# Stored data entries
+ + + +

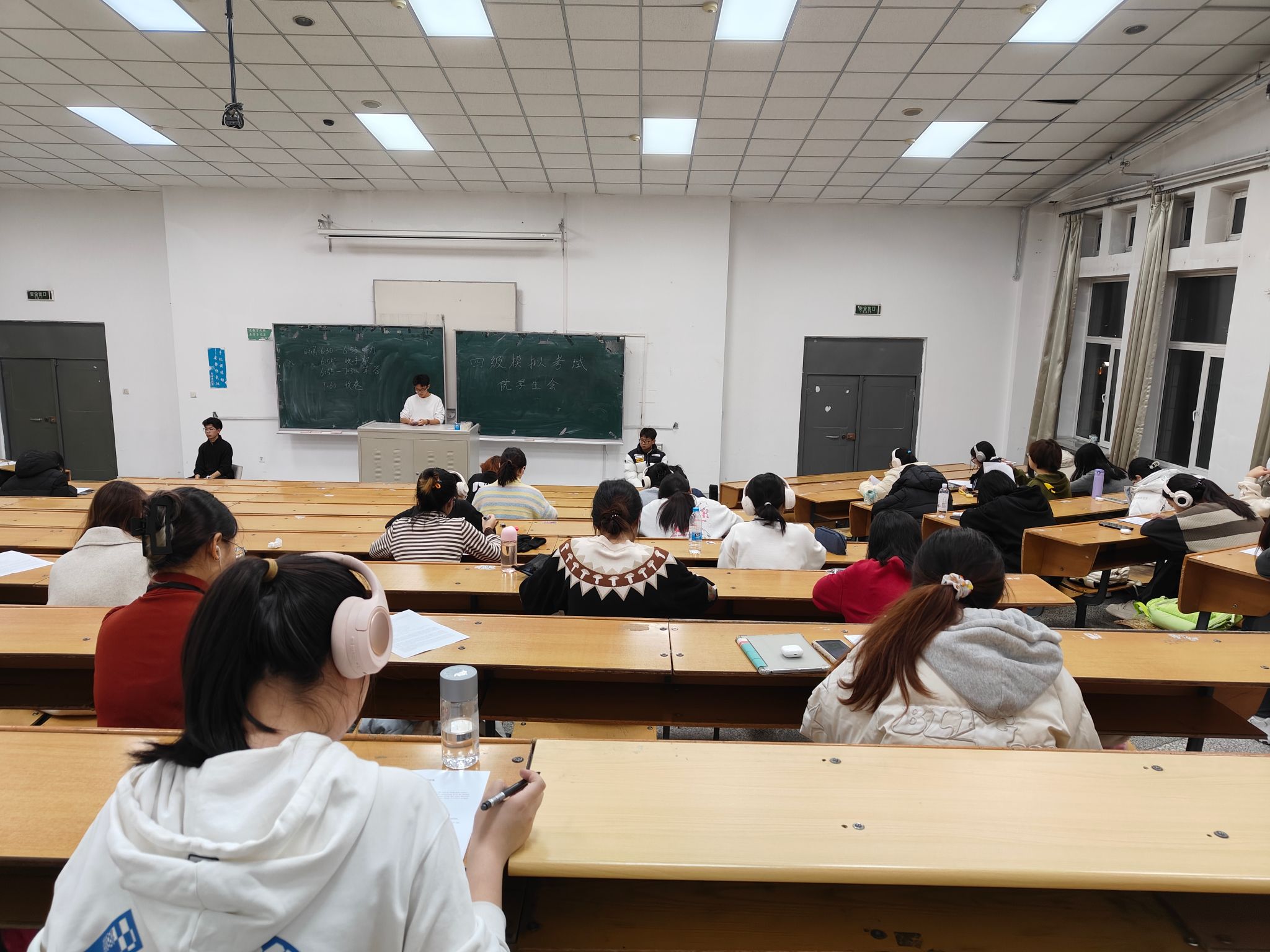 书山有路勤为径,学海无涯苦作舟,为推进我院学风建设,激发学习热情,对即将到来的大学英语四级考试引起重视,2007so太阳集团学生会举办了“青春逐梦,榜样同行”学风建设系列活动——大学英语四级模拟考试活动,以下是活动现场拍摄的照片。
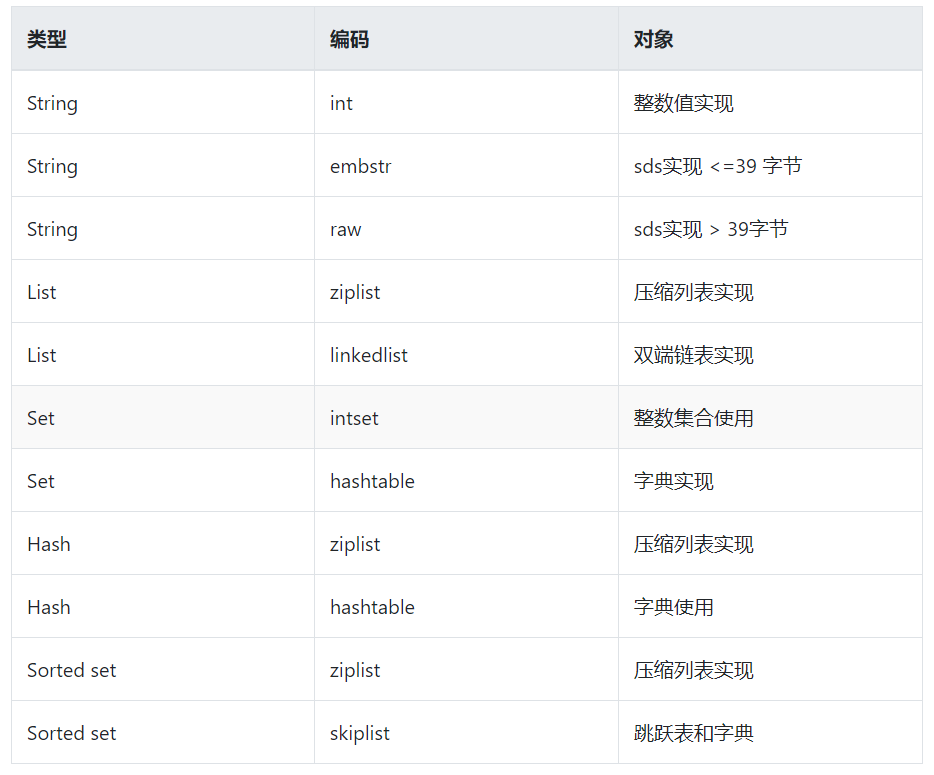 据上表可知,String的编码可以是int,embstr,raw,当输入的数值可以转换为long,那就以int的类型进行存储。对于字符类型,redis底层并不是直接使用string,而是自己实现了一个简单的动态字符串sds,c语言的string是不记录自身长度是,但sds是记录的,这样就使得获取本身字符长度的操作时间复杂度从O(n)降到O(1),对于emstr编码的范围是字符串字节小于等于39个字节,raw是大于39个字节,当然int编码也是可以在一定情况下转换为raw的,比如对int进行append操作。
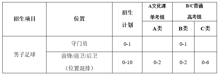 2021年符合我校男子足球項(xiàng)目的報(bào)考資格的考生,專業(yè)測(cè)試需參加全國(guó)統(tǒng)考,我校不再組織該項(xiàng)目的校考。
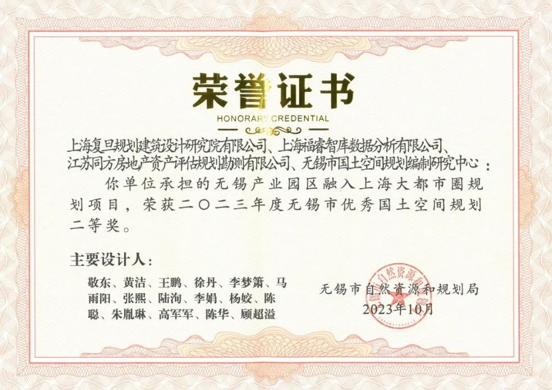 近日,无锡市自然资源和规划局公布了2023年度无锡市优秀国土空间规划奖评选结果,江苏同方评估获得二等奖2项。
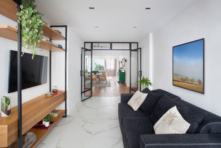 “A integração transformou completamente a experiência de estar no apartamento. Ele parece muito maior”, descreve a arquiteta. A sensação de espaço único é valorizada pelas portas de vidro, que também limitam o uso do ar-condicionado em algumas situações.
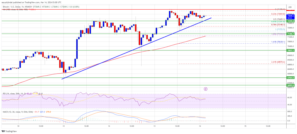 Bitcoin price is eyeing more gains above the $73,000 resistance. BTC is setting up for a move toward the $75,000 resistance in the near term. Bitcoin price is showing positive signs and eyeing more gains above the $73,000 zone. The price is trading above $72,500 and the 100 hourly Simple moving average. There is a connecting bullish trend line forming with support at $72,800 on the hourly chart of the BTC/USD pair (data feed from Kraken). The pair could continue to move up if it clears the $73,450 and $73,500 resistance levels. Bitcoin Price Sets New ATH Bitcoin price remained well-bid above the $72,000 level. BTC formed a base and started a fresh increase above the $72,500 resistance. The price even broke the $73,000 level. It traded to a new all-time high above $73,500 before there was a downside correction. The price declined below the $73,000 and $72,500 levels. A low was formed near $71,725 and the price is again rising. There was a move above the $73,000 level. Bitcoin is now trading above $72,500 and the 100 hourly Simple moving average. It is holding gains above the 50% Fib retracement level of the upward move from the $71,725 swing low to the $73,485 high. Source: BTCUSD on TradingView.com Immediate resistance is near the $73,200 level. The next key resistance could be $73,500, above which the price could rise toward the $74,200 resistance zone. If there is a clear move above the $74,200 resistance zone, the price could even attempt a move above the $75,000 resistance zone. Any more gains might send the price toward the $76,500 level. Another Downside Correction In BTC? If Bitcoin fails to rise above the $73,500 resistance zone, it could start a downside correction. Immediate support on the downside is near the $72,800 level and the trend line. The first major support is $72,150 or 76.4% Fib retracement level of the upward move from the $71,725 swing low to the $73,485 high. If there is a close below $72,150, the price could start a decent pullback toward the $70,000 level. Any more losses might send the price toward the $68,500 support zone. Technical indicators: Hourly MACD – The MACD is now gaining pace in the bullish zone. Hourly RSI (Relative Strength Index) – The RSI for BTC/USD is now above the 50 level. Major Support Levels – $72,800, followed by $72,150. Major Resistance Levels – $73,200, $73,500, and $75,000.
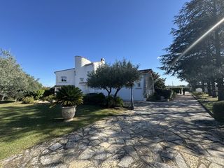 On entre par un portail motorisé sur une cour où on peut facilement garer 4 voitures. Il y a un grand garage isolé et carrelé de 35m2 qui donne sur l arrière du terrain paysage et
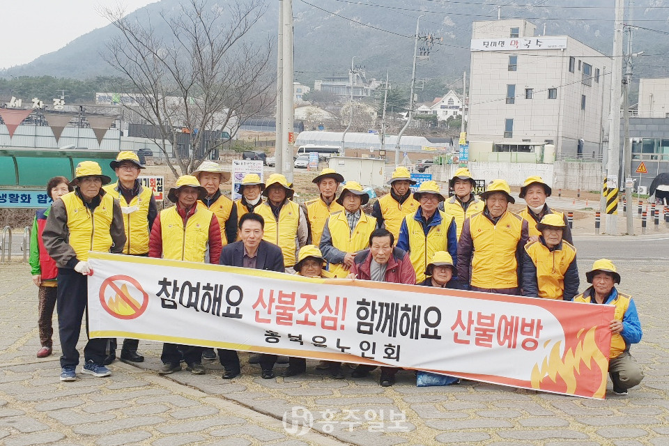 대한노인회 홍성군지회(지회장 조화원)는 지난 23일 용봉산노인자원봉사클럽(단장 임환수) 단원 20명과 홍북읍장을 비롯한 기관단체장들과 용봉산 주변 환경정화 활동과 함께 산불조심 캠페인을 실시했다.

+ + + +

# Work required
Print, with pictures removed, exactly the lines of the records above from the top through the line containing "em algumas situações.".

# Solution to the problem
 书山有路勤为径,学海无涯苦作舟,为推进我院学风建设,激发学习热情,对即将到来的大学英语四级考试引起重视,2007so太阳集团学生会举办了“青春逐梦,榜样同行”学风建设系列活动——大学英语四级模拟考试活动,以下是活动现场拍摄的照片。
 据上表可知,String的编码可以是int,embstr,raw,当输入的数值可以转换为long,那就以int的类型进行存储。对于字符类型,redis底层并不是直接使用string,而是自己实现了一个简单的动态字符串sds,c语言的string是不记录自身长度是,但sds是记录的,这样就使得获取本身字符长度的操作时间复杂度从O(n)降到O(1),对于emstr编码的范围是字符串字节小于等于39个字节,raw是大于39个字节,当然int编码也是可以在一定情况下转换为raw的,比如对int进行append操作。
 2021年符合我校男子足球項(xiàng)目的報(bào)考資格的考生,專業(yè)測(cè)試需參加全國(guó)統(tǒng)考,我校不再組織該項(xiàng)目的校考。
 近日,无锡市自然资源和规划局公布了2023年度无锡市优秀国土空间规划奖评选结果,江苏同方评估获得二等奖2项。
 “A integração transformou completamente a experiência de estar no apartamento. Ele parece muito maior”, descreve a arquiteta. A sensação de espaço único é valorizada pelas portas de vidro, que também limitam o uso do ar-condicionado em algumas situações.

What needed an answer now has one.